Continuing campus education, Christian helped implement multiple offerings of S.A.F.E. Ally Training for the university community to be better LGBTQ+ allies.
She later went on to develop Pride camps for queer, transgender and non-binary middle and high school students so they could discover who they are in a community that shares similar identities.
“It’s important for students to have their development of who they are, and we were finding that they were coming to college and then they were like, ‘Oh, I guess I’m queer. And so therefore, I have to redefine who I am. What does that mean, right? How do I behave? How do I think about myself and how I fit in the world?’ It’s hard,” she said. “So that’s a little late. They’re wasting time, frankly, not being able to study and do the typical development that a college student has because they’re still defining who they are ― which everyone else does when they’re younger.”

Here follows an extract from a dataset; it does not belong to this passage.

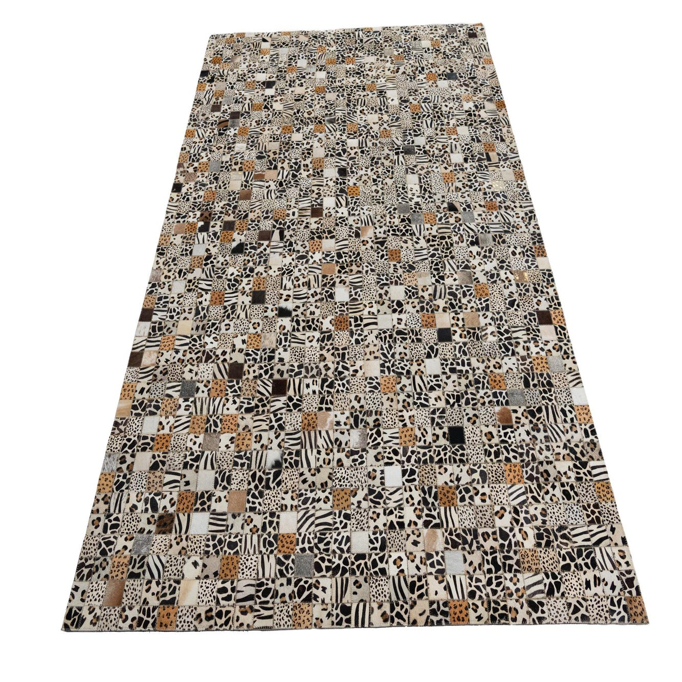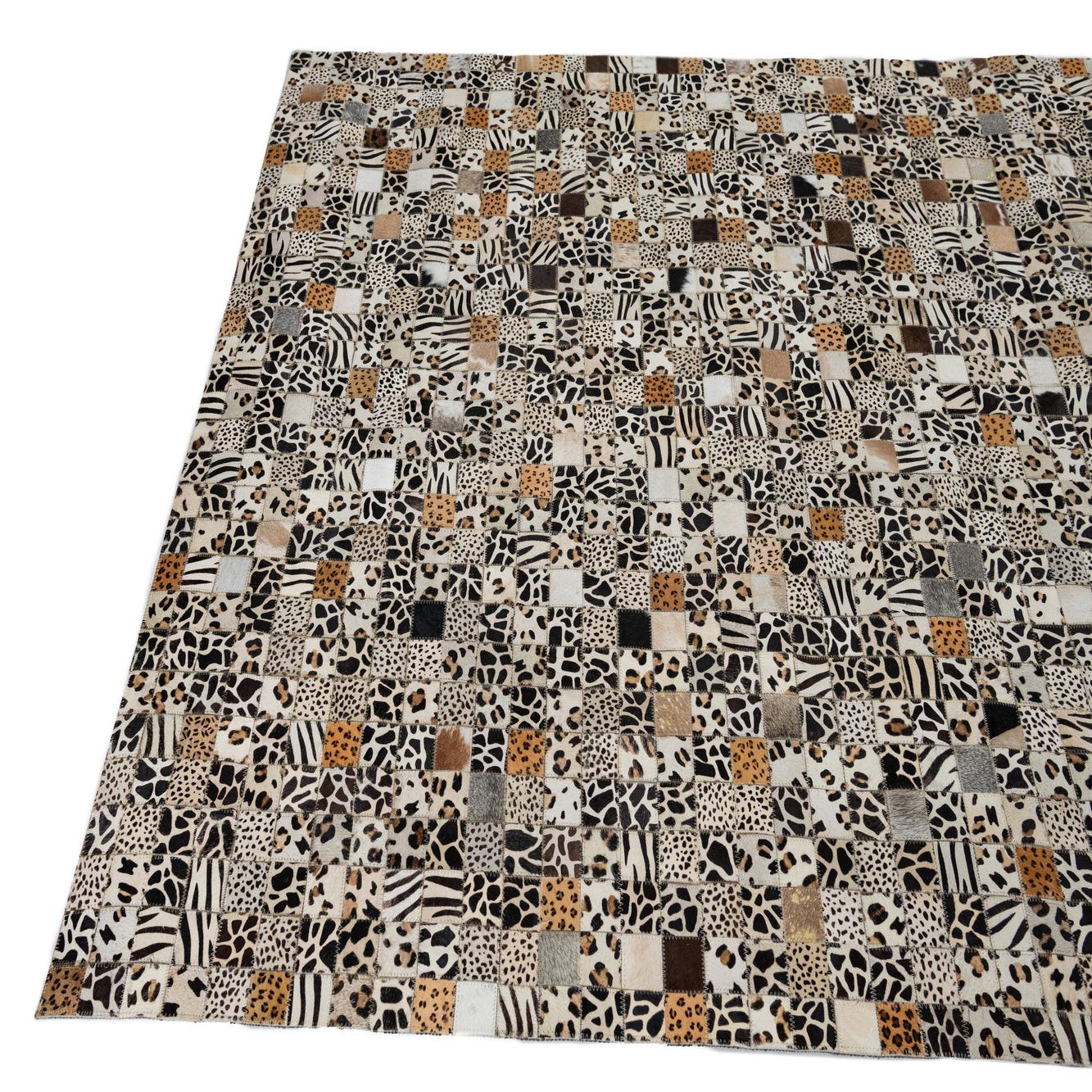 A 5x8 rectangular Cowhide Leather rug featuring a modern patchwork of multi-colored animal prints like leopard, zebra, and giraffe.

Christian’s work has revolved around making campus life more fulfilling and welcoming for all people, but particularly LGBTQ+ students. She worked to make it easier for students to use their preferred names, instead of forcing them to use their legal names, during routine campus activities like getting food from dining halls.
She also advocated with other people involved with campus housing to establish Safe And Inclusive Living, or SAIL, housing on campus. In SAIL housing, two or more students share a university apartment regardless of the occupant’s sex, gender identity, gender expression or sexual orientation.

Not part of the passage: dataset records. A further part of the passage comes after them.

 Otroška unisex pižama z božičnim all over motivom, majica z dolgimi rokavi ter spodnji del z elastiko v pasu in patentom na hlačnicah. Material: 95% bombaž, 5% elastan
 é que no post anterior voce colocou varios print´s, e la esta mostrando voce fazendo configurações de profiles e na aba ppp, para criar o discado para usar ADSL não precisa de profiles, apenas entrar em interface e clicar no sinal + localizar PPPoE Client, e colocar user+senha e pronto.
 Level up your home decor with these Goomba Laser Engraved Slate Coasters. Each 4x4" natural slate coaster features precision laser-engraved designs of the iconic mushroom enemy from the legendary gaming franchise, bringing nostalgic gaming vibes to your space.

It creates a living option for students who the traditional dorm experience wouldn’t be as safe or inclusive.
Beyond the bounds of the UW-Green Bay campus, Christian offers parent and community support groups for LGBTQ+ people and those wanting to learn more about supporting LGBTQ+ people in their lives. She also provides training for community stakeholders like police officers and health care workers to educate them more about LGBTQ+ identities.
“The students love her because her approach is always one of education, one of awareness,” King said. “She’s able to guide people through their own journey and their self discovery and so faculty, staff and students enjoy talking with her and interacting with her because she just helps you to be you … to do that in a very safe, embracing and welcoming environment,” King said.
Since she was at the university as a student, acceptance and support for LGBTQ+ students has completely changed for the better on campus with the help of her work.
“Historically, even when I went to school here for a undergraduate and graduate degree, you were closeted. You couldn’t talk to anybody,” Christian said.
“I was one of the few people, when I came here to teach (in the ’90s), to be out and people were afraid to be out,” she said. “… I was out here because I thought people need to know.”
And it didn’t come without negative backlash from students.
“They would say, ‘You’re going to hell.’ And, ‘You shouldn’t be teaching about this stuff,'” she said.
Going into the 2010s, more and more students and staff were out, or open about their LGBTQ+ identity, and now the university has a five star rating on the Campus Pride Index, which rates how LGBTQ+ friendly a campus is.
“You can really see a difference in the development of people when they’re allowed to be who they’re supposed to be, and not have to redefine their personality and their goals and who they are,” Christian said.
Her favorite part of her work over the last 28 years?
“Students getting to be who they are, totally. Having someone tell them they’re valuable. They’ve been told they’re not valuable. They’re valuable,” she said.